### Information supplied
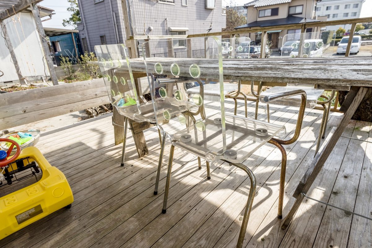 ダイニングキッチンからつながる自作のデッキスペース。椅子はアクリルブームのときに制作したオリジナル作品で、当時かなり人気の商品だったそう。
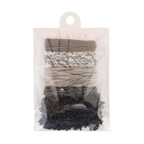 5種類の糸を各1mずつ巻いた「あそび糸」タッセルを作ってアクセサリーにしたり、リボンのように結んでオシャレにラッピングを楽しめます。
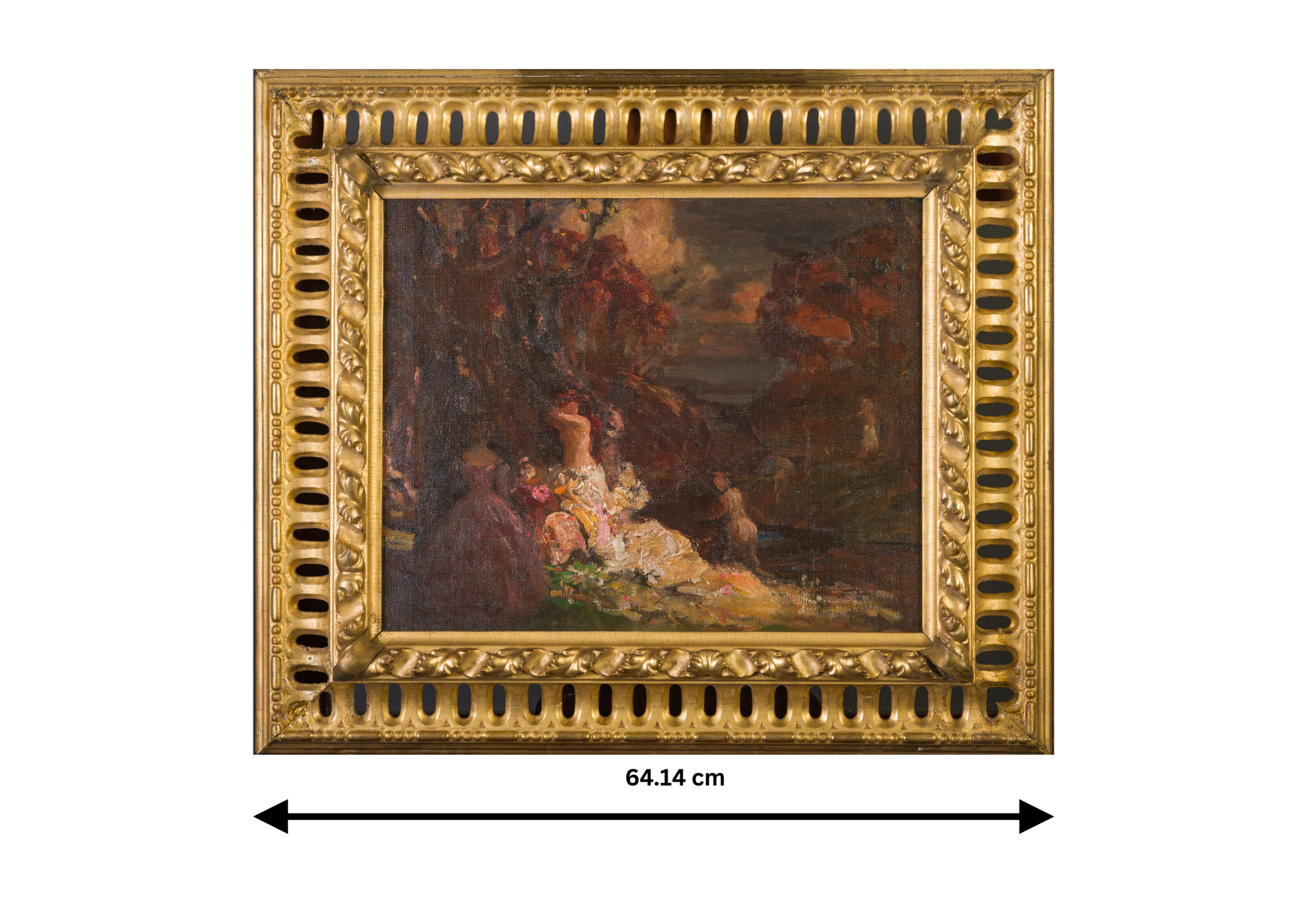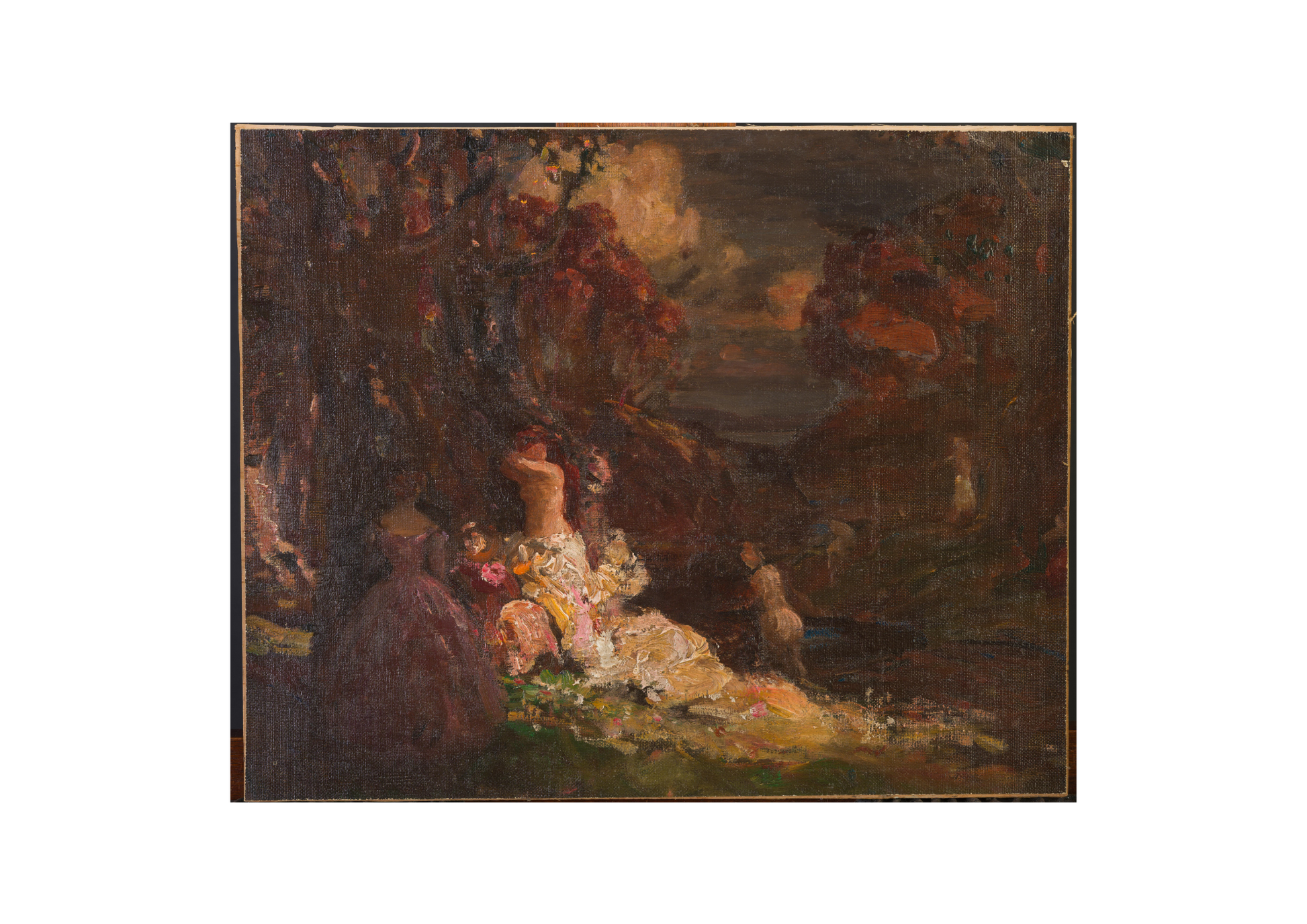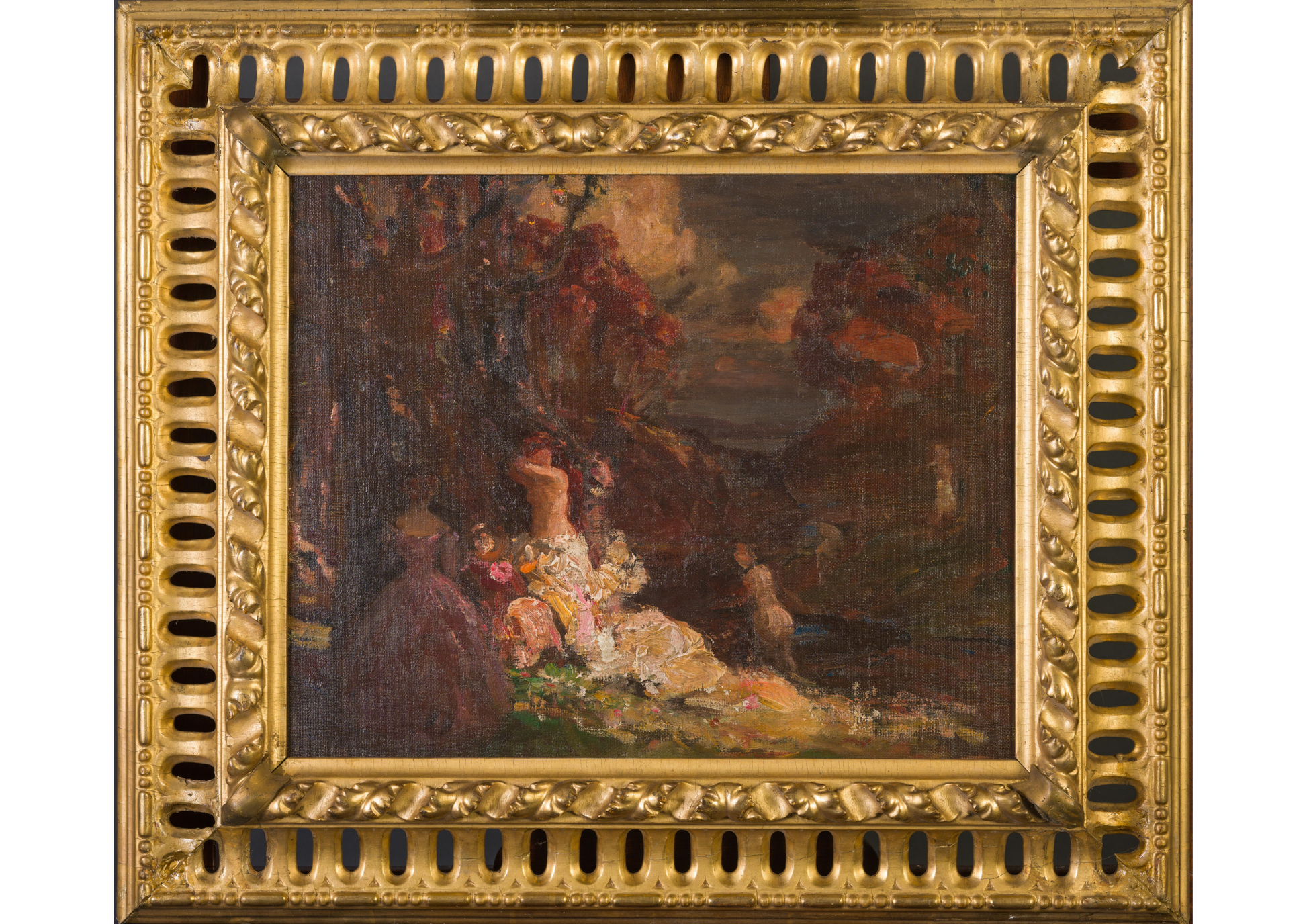 Adolphe Joseph Thomas Monticelli 1824-1886, was a French painter and influencer of Vincent van Gogh. Monticelli was well known to Theo and Vincent Van Gogh, Theo acted as agent for Monticelli in order to sell his works, Vincent knew his paintings very well and was impressed by their thick impasto and unauthenticity with regards to the Salon authorities who thought him mad, consequently when Monticelli died Vincent wrote to Theo claiming that he would carry on where Monticelli left off. The similarity in their works is readily apparent and a style in which Vincent carried on to his own demise. Monticelli was a brilliant artist and has been very much underrated, however during his lifetime he was in great demand especially here in the UK, the Scottish art dealer and collector Alex Reid was a big buyer of his paintings so much so he was known as Monticelli Reid. Monticelli trained in Paris at the Ecole des Beaux Arts and under Paul Delaroche, he is known to have painted with the Barbizon School of painters in the forest of Fontainebleau, where this image may have been inspired and designed, he was influenced in the Romantic style of Watteau. His works are still widely sought and collected despite the general lack of recognition throughout the World's art aficionados who regularly deny his brilliance, I think he is great.

### How to complete this task
Copy exactly, and only, the lines from the line containing "5種類の糸を各1mずつ巻いた" through the final line of the material above, with no pictures.

### Answer to this problem
 5種類の糸を各1mずつ巻いた「あそび糸」タッセルを作ってアクセサリーにしたり、リボンのように結んでオシャレにラッピングを楽しめます。
 Adolphe Joseph Thomas Monticelli 1824-1886, was a French painter and influencer of Vincent van Gogh. Monticelli was well known to Theo and Vincent Van Gogh, Theo acted as agent for Monticelli in order to sell his works, Vincent knew his paintings very well and was impressed by their thick impasto and unauthenticity with regards to the Salon authorities who thought him mad, consequently when Monticelli died Vincent wrote to Theo claiming that he would carry on where Monticelli left off. The similarity in their works is readily apparent and a style in which Vincent carried on to his own demise. Monticelli was a brilliant artist and has been very much underrated, however during his lifetime he was in great demand especially here in the UK, the Scottish art dealer and collector Alex Reid was a big buyer of his paintings so much so he was known as Monticelli Reid. Monticelli trained in Paris at the Ecole des Beaux Arts and under Paul Delaroche, he is known to have painted with the Barbizon School of painters in the forest of Fontainebleau, where this image may have been inspired and designed, he was influenced in the Romantic style of Watteau. His works are still widely sought and collected despite the general lack of recognition throughout the World's art aficionados who regularly deny his brilliance, I think he is great.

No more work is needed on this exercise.